Сосредоточивая все обилие круглых скульптур и больших барельефов на узловых частях здания, архитектор руководствовался не только логикой композиционного построения здания как такового, но и более широкими интересами градостроительного порядка. Как отмечалось выше, Адмиралтейство по своему положению в ансамбле города распространяет свое воздействие на обширное пространство — и по направлению к расходящимся лучам трех проспектов — Невского, Вознесенского и Гороховой, и в сторону Зимнего дворца, и в противоположную сторону — к Сенатской площади, и, наконец, к набережной Невы.
Развитие монументально-декоративной скульптуры составляет важную часть общего процесса формирования нового русского искусства. Общеизвестен факт почти полного вытеснения изобразительной скульптуры из декоративного убранства здания и города в допетровской Руси на всем протяжении ее истории — после владимирских храмов XII — XIII веков. В противоположность культовому зодчеству западного мира архитектура русского храма на долгий ряд столетий исключила изобразительную пластику из своего обихода. Вплоть до XVIII века Русь не знала также городского монумента, скульптурного надгробия, садово-парковой скульптуры. Пластическая одаренность народа с большой силой и самостоятельностью проявляла себя в орнаментальной резьбе по дереву и камню, достигнув высот мастерства в золоченых древянных иконостасах и в каменном резном уборе храмов XVII столетия. Но только петровское время, решительно повернувшее русскую культуру на путь гражданского, светского развития, пложило начало быстрому росту всех основных видов монументальной и станковой скульптуры.
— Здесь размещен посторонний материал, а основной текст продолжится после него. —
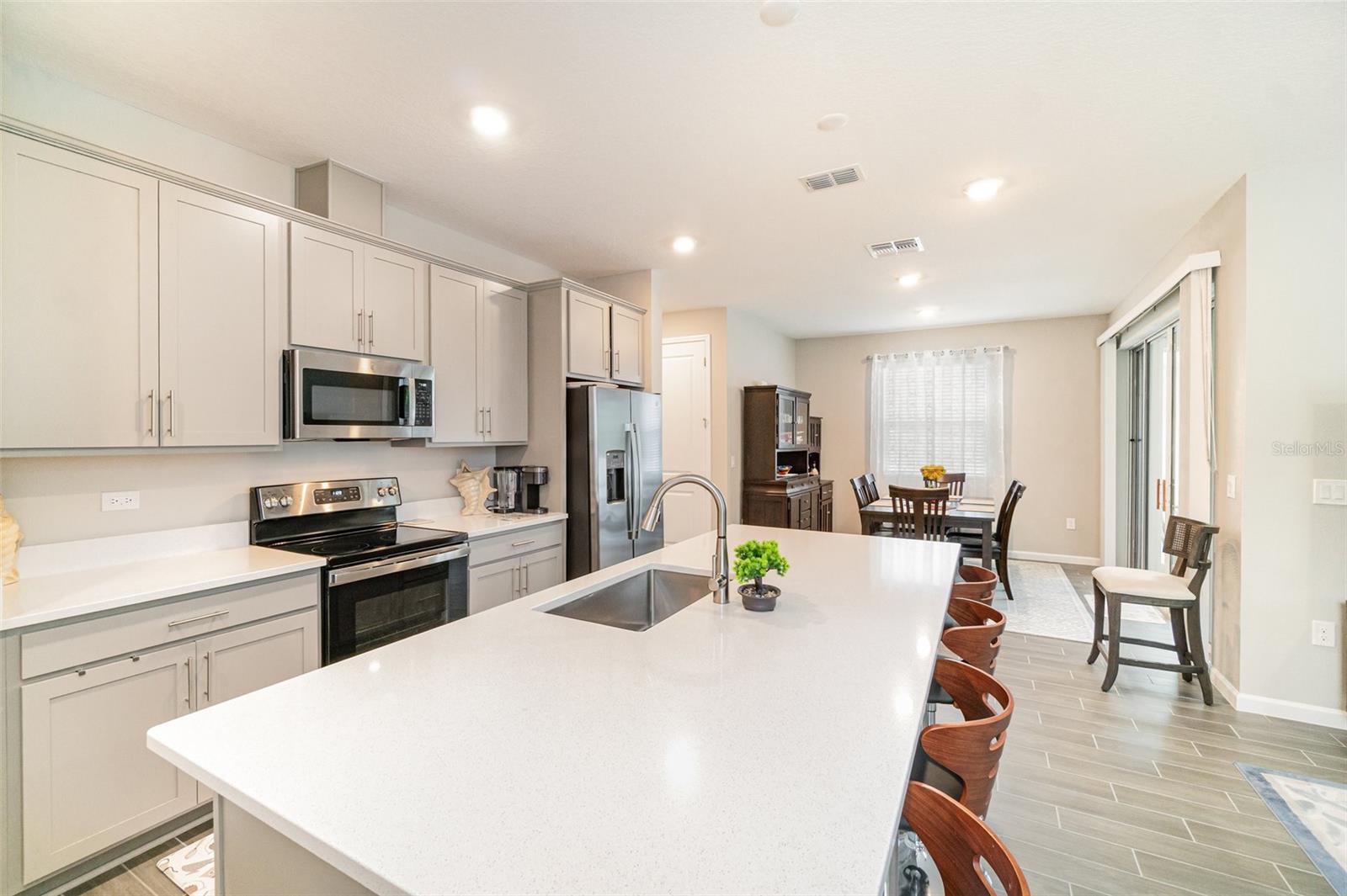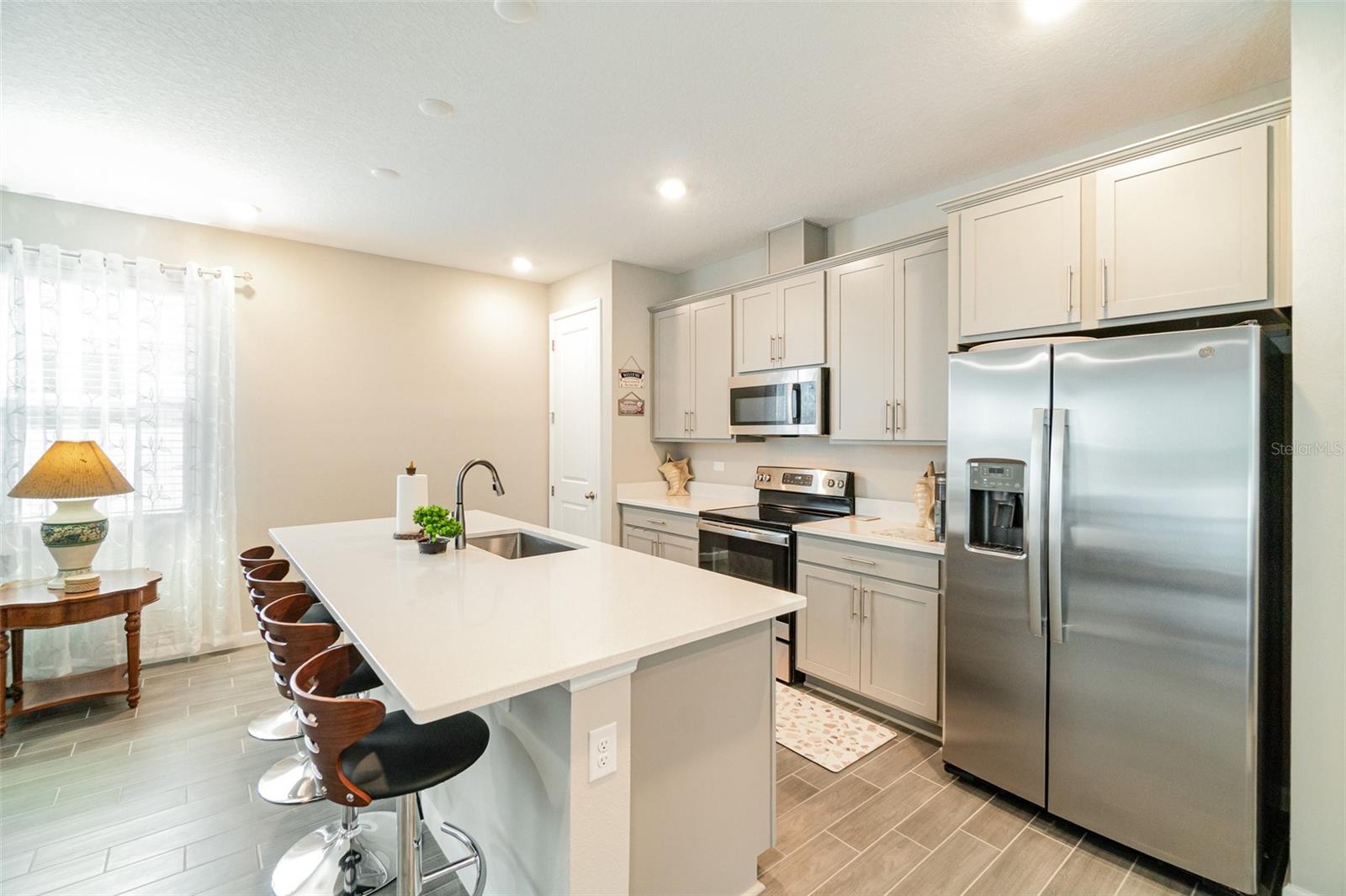 Esta impressionante, como nova casa, mostra mais de US $ 35 mil em atualizações de construtores premium e foi projetado para luxo e funcionalidade. Apoiando uma reserva tranquila, oferece privacidade definitiva, juntamente com uma espaçosa garagem de 3 carros, cerca de vinil e calhas de chuva. No interior, o piso de ladrilhos de porcelana atualizado se estende pelas principais áreas de estar, todos os banheiros e lavanderia, acrescentando elegância e durabilidade. A cozinha gourmet apresenta armários e gavetas de close macio premium, bancadas de quartzo e um elegante exaustor-perfeito para cozinhar e divertir. Ideal para uma vida multigeracional, o nível principal inclui um quarto privado com um banho completo nas proximidades. Desfrute de uma vida interior fora de fora com pátios de frente e traseira, além de um pátio de pavimentação estendido no quintal-perfeita para relaxar ou hospedar hóspedes. No andar de cima, um loft versátil oferece espaço adicional para um escritório em casa, sala de jogos ou área de mídia. Esta casa lindamente mantida com tetos altos combina conforto, estilo e vistas serenas naturais

Начался тот поразительный по насыщенности и богатству исканий период, когда русское ваяние в течение нескольких десятилетий достигло высот мирового искусства, а в некоторых отраслях заняло ведущее место по размаху творческой активности и уровню мастерства.
В начальную пору петровского царствования два выдающихся произведения культового зодчества Москвы ознаменовали решительный отказ от скульптурного аскетизма прошлого. Меншикова башня в самой Москве и особенно Дубровицкая церковь в Подмосковье отличались не только богатством скульптурного убора, но и совершенно необычным включением в это убранство изображений человека — в статуях и рельефах. С основанием новой столицы декоративная скульптура получила все права гражданства и стала одним из наиболее покровительствуемых видов искусства. Сам Петр придавал ей особое значение. Статуи на античные и аллегорические темы, украшая столицу и загородные резиденции, выполняли определенную культурно-политическую миссию. Фигуры античных богов и богинь, древнегреческих героев и древнеримских цезарей, статуи, олицетворявшие явления природы, человеческие добродетели, различные области гражданской и воинской деятельности, наглядно знакомили русскую публику с изобразительным языком общеевропейской классики, с традиционным репертуаром образов и аллегорий, прочно усвоенным европейским искусством. Популяризируя героев классического мифа и всевозможные аллегорические сюжеты, декоративная скульптура тем самым выполняла важную воспитательную роль. В наглядной форме она утверждала общие понятия, связанные с государственным благом, восхваляла гражданские добродетели. Именно эта общественно-воспитательная роль скульптуры особенно ценилась Петром. Самый подбор статуй для Летнего сада и Петергофа недвусмысленно говорит об этом. Наряду с нимфами, богинями, временами года здесь фигурировали аллегории воинских побед, гражданских подвигов, отраслей созидательной деятельности человека, а также морализирующие эпизоды и персонажи из Эзоповых басен.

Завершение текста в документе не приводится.